10 questions to ask yourself when layoffs might be coming


When news begins to circulate around the company that layoffs, downsizing, “downsizing” and financial trouble may be brewing, many employees feel it is in their best interests to seek immediate work elsewhere. But is this always the best strategy?

Although you may have considered leaving the military during your time in uniform when you heard of troop withdrawals or other downsizing, your loyalty to your military career may have caused you to stay put. and overcome the circumstances.

In these tumultuous economic times, headlines often highlight companies taking more conservative stances. Some companies are restructuring their teams and departments to create more streamlined efficiencies, while others are enforcing hiring freezes until economic uncertainties are resolved. And still other companies are canceling job openings as they tighten their belts and prepare for a possible economic downturn.

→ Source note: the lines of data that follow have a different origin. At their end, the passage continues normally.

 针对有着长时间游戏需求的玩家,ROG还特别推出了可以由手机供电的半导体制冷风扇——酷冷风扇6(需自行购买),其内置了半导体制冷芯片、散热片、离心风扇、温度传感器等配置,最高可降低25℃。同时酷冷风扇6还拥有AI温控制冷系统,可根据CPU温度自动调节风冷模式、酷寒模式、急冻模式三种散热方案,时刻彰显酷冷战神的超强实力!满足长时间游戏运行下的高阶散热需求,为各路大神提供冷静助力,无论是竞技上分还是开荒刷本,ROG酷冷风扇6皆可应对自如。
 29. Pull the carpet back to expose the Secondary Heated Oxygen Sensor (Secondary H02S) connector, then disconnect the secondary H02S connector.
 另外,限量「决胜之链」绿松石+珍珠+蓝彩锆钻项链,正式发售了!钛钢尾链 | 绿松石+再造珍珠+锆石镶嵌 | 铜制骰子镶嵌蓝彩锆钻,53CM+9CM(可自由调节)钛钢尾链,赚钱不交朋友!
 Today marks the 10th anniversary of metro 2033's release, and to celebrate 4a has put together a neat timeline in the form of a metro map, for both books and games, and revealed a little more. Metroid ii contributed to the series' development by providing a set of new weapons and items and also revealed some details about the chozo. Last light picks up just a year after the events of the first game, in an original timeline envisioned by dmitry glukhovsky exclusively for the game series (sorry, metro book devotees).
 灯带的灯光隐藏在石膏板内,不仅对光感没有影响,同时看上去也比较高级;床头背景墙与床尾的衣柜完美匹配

All of this can lead you to consider your own professional viability. Before you jump ship, ask yourself these questions:

1. Do you assess your employer’s situation based on emotions or facts?

Has the company released an official statement about the layoffs, or are the changes you’re planning coming from gossip? Before you can decide what to do next, be clear about what is happening now.

2. Is your CV updated and current?

Regardless of what happens next, update your resume to make sure you can either defend your current job (if applicable) or find a new job if you need to move on.

3. Are you being asked to take on new or different responsibilities?

The company could rationalize its workforce to keep essential employees. In times of uncertainty or restructuring, you may be asked to take on a heavier workload or work in new areas. It could indicate the company’s strong desire to keep you.

4. Are the opportunities in other companies more stable?

If you see your company’s competitors hiring and growing, the instability may have less to do with national economic trends and more with business processes. In this case, talking to another employer could secure you a good opportunity before your job is cut.

5. Is it time to watch now?

This could be the case if you are determined to make a change or if you receive an indication that your position will be eliminated. …Or will taking time give you more clarity and direction?

6. Do the business challenges your company faces indicate an industry trend?

For example, during the onset of the COVID pandemic in 2020, employees in the hospitality industry were closed as businesses were closed (temporarily or permanently). Ask yourself if you should consider another industry where your skills would be valued, even as a short-term solution.

7. Have you discussed your options with your mentor or advisors?

If you don’t have a lot of civilian work experience, getting advice from others can help you assess your situation and plan accordingly.

8. Have you considered asking to be reassigned to another team or department within the company?

Maybe the projects your team is working on are stalled, but other departments are thriving. Before leaving this employer, consider a lateral move within the same organization to maintain resume continuity for the time being.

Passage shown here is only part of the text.